Balázs Kovács, an ISPS faculty fellow and professor of organizational behavior, used AI to measure if the way concepts are stored by ChatGPT are similar to how humans store concepts. He and his co-authors studied how well text documents match specific concepts, like book genres or tweets typical of one political party. They found that ChatGPT can achieve high results without the extensive data training required by previous methods, indicating the technology’s potential for advanced text analysis in social science.
In addition, Kovács and his colleagues demonstrated that humans could not distinguish between online restaurant reviews produced either by humans or ChatGPT. In fact, AI detectors could not correctly identify human-written reviews from AI.
“There’s a lot of implications for these online reviews,” Kovacs said, suggesting trust will decline, manipulation could increase, and regulatory measures and shifts in marketing strategies might be needed. “Review websites need to figure out what to do with this, because they’re going to be in big trouble.

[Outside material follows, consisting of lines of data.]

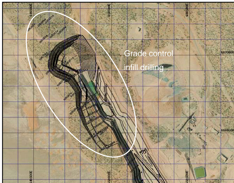
Start-up pit design (cutback of historic pit) with grade control drilling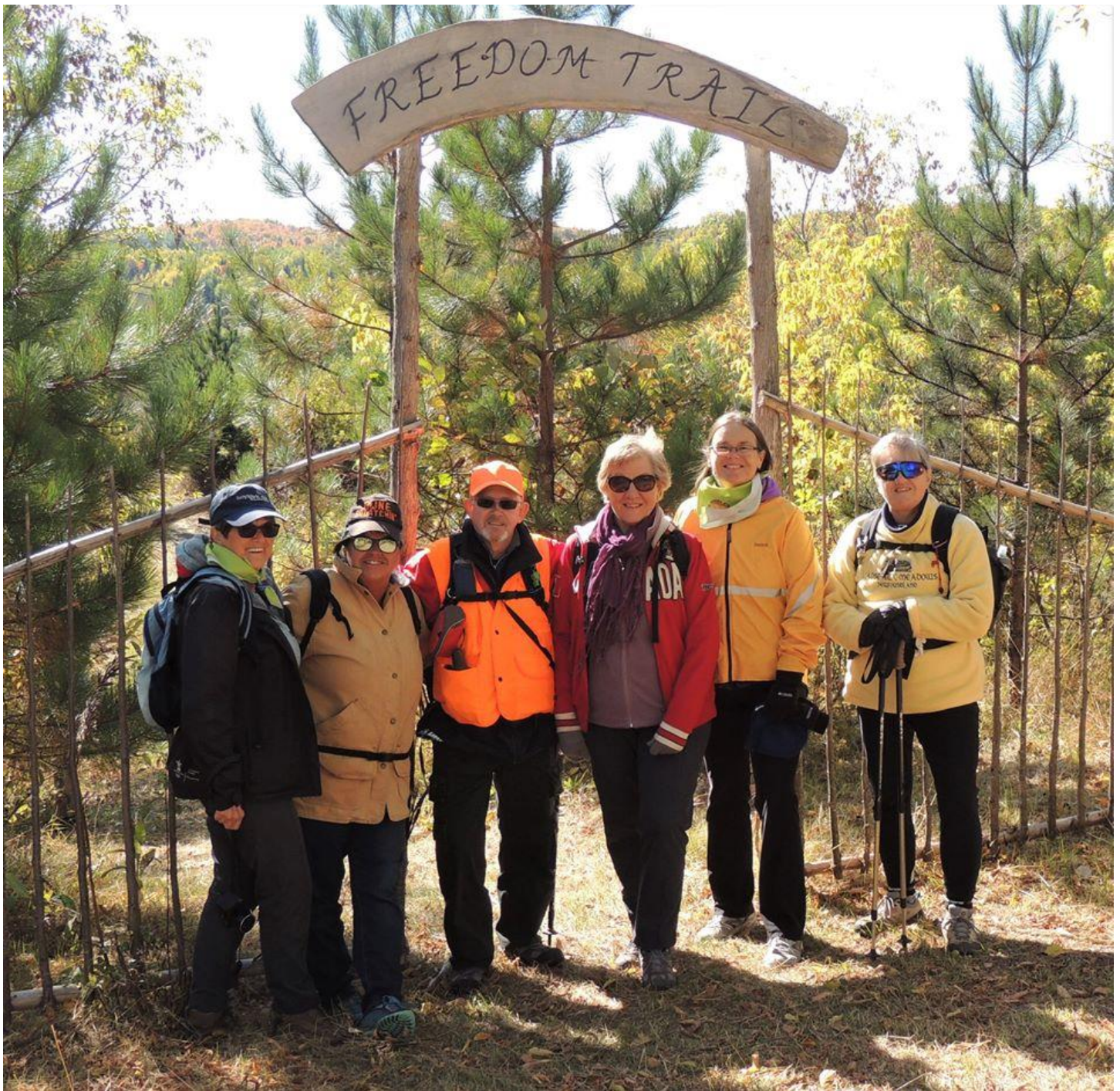
Tomlinson Lake Hike to Freedom, October 5, 2019.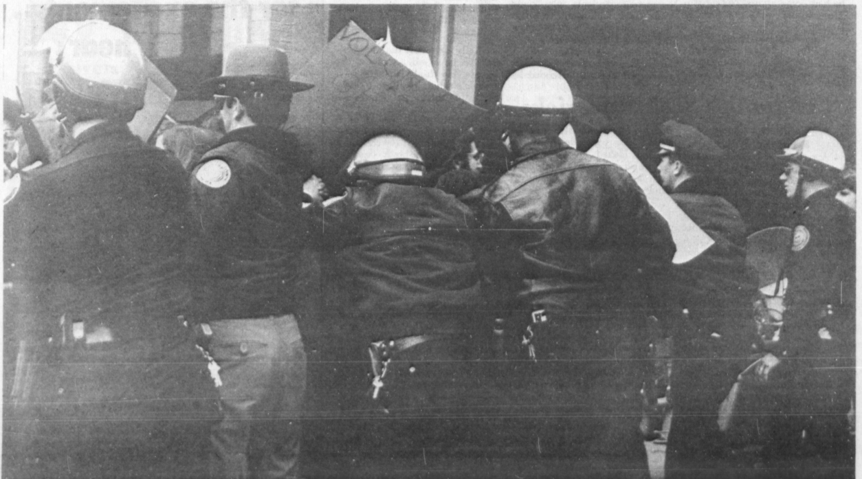
And Her Volunteers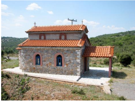
The Archangels "Taxiarhes" chapel

P.L. After a fully completed survey, the conclusion is that the chapels of Saints Constantine and Helen and Saint Barbara in the forest above the village are in good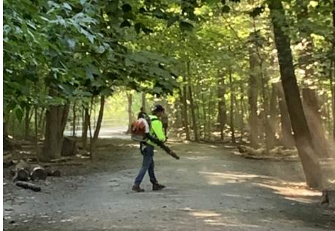
Gas-powered leaf blower creating ear-splitting noise, and spreading fumes and fine particulate matter in a park, summer 2021.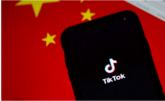
TikTok would face a complete ban if it did not sell to a US company by 14 November

Retaliation by Beijing also saw the average tariff rate on US imports climb to 25.9 percent by the beginning of 2020, up from 8.0 percent two years earlier; at the same time, China was cutting tariffs on imports from other countries. 25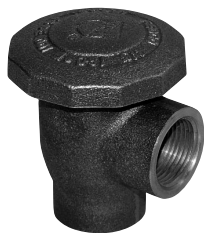
715 1/2" - 3/4" (15-20mm)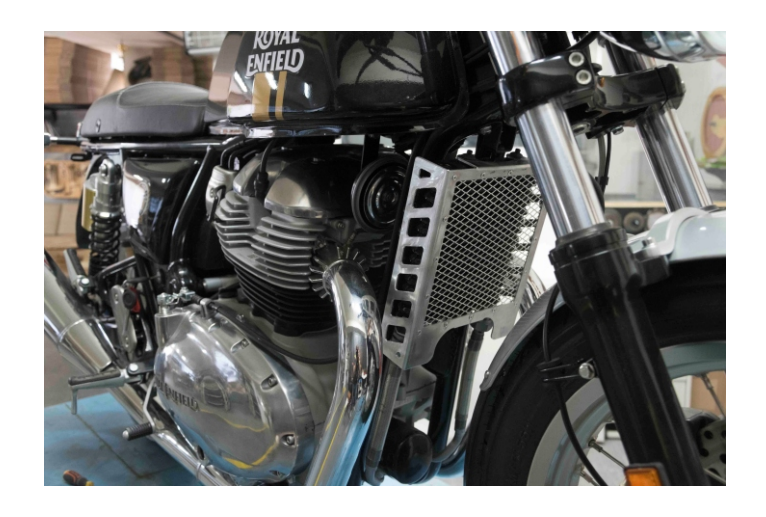
The end result should appear as in the photo Thank you for choosing one of our products.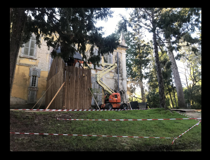
Set Build for the barn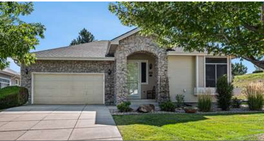
2059 June Court Castle Rock CO 80104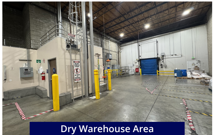
Dry Warehouse Area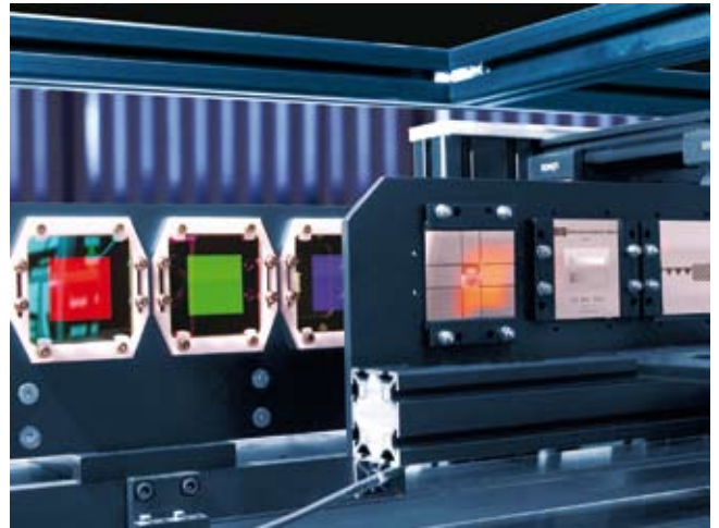
The Basler eXcite is measured by the CTT+ according to the EMVA 1288 standard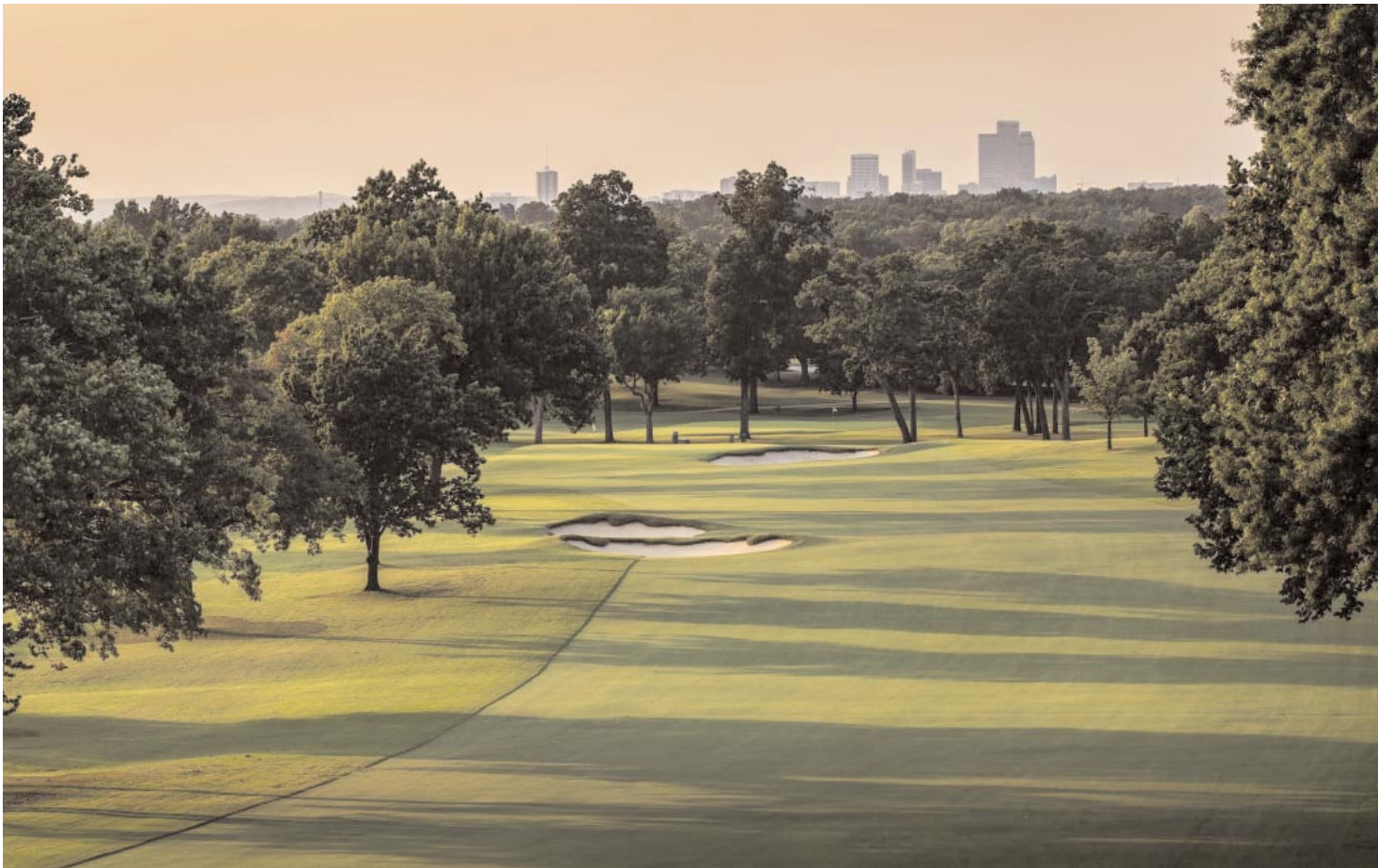
The first hole at Southern Hills is a dogleg left par 4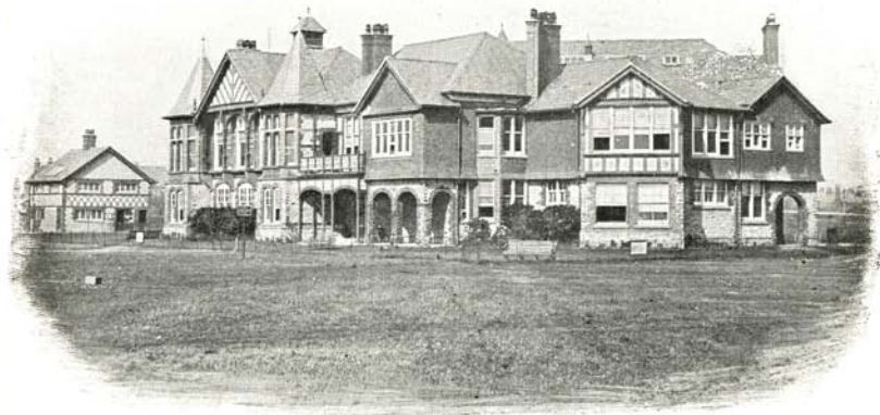
✧ GOLF CLUB HOUSE. ✧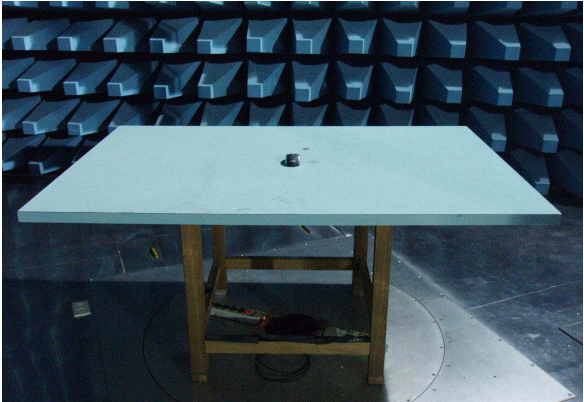
Front View of the Test Configuration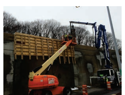
Trans-Manhattan Connector Ramp Under Construction in January 2017.

NYCDOT has two bridges rated "poor." The Harlem River Drive Ramp to the George Washington Bridge over the Harlem River Drive Southbound (aka the Trans-Manhattan Connector Ramp) is not really poor, as we reached substantial completion of a reconstruction project on May 15, 2017. The 51st Avenue Pedestrian Bridge over LIRR Main Line is scheduled by DDC to start being replaced by a new bridge in Fiscal Year 2019.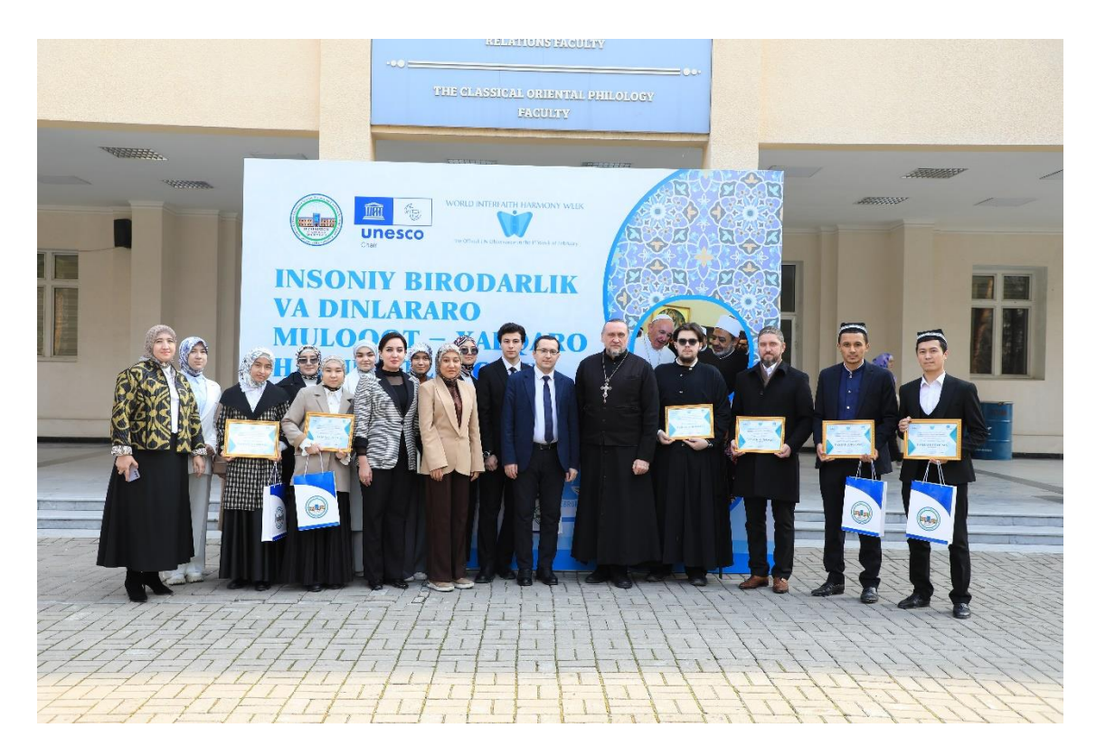
At the conclusion of the conference, the lecturers and speakers gathered for a commemorative photo, marking the successful exchange of knowledge and ideas. Their collective contribution highlighted the importance of academic discussions in fostering interfaith understanding and religious tolerance.

If people can’t believe what they read, they’re not going to read them, and they are going to go out of business.”
DISSC Director Ron Borzekowski considered the event “the beginning of an ongoing conversation on this important topic.”
“At the Data-Intensive Social Science Center, we’re thinking about AI as a tool, as an input,” he said. “Of course, there are other issues about societal impacts and what this will do to the world at large, but for now our focus is what this will do to our own profession of producing research.”
The DISSC event was just one of the many campus-wide efforts to address how faculty, students, and staff engage with AI. In August, the university announced a five-year, $150 million investment to support developing, using, and evaluating AI in response to a faculty task force’s recommendations.
“I thought the DISSC event was an excellent example of the task force’s recommendation to bring people together from different corners of the university,” said Jennifer Frederick, associate provost for academic initiatives and executive director of the Poorvu Center for Teaching and Learning. “We need to continue to raise the visibility of this work and propel people in different disciplines to share their experiences and generate new ideas.”
Frederick, who helps lead efforts to implement and mobilize AI investments across campus, said she will be hiring a program manager in the new year to amplify and coordinate the growing number of AI-related events. In the spring, DISSC, ISPS, and the Tobin Center will host two events featuring economist Seth Stephens-Davidowitz, who wrote a data-heavy book on basketball written in 30 days using ChatGPT’s analysis tools. On May 9, Yale will host a campus-wide research symposium to showcase AI scholarship.
“I think we are ahead of many peer institutions when it comes to AI research and infrastructure,” Frederick said. “We have a cohesive strategy based on recommendations from a task force representing the entire campus that we are now implementing with a five-year budget. We are taking this opportunity and challenge seriously so we can continue to recruit and retain excellent faculty and students and stay in a position of leadership with AI.”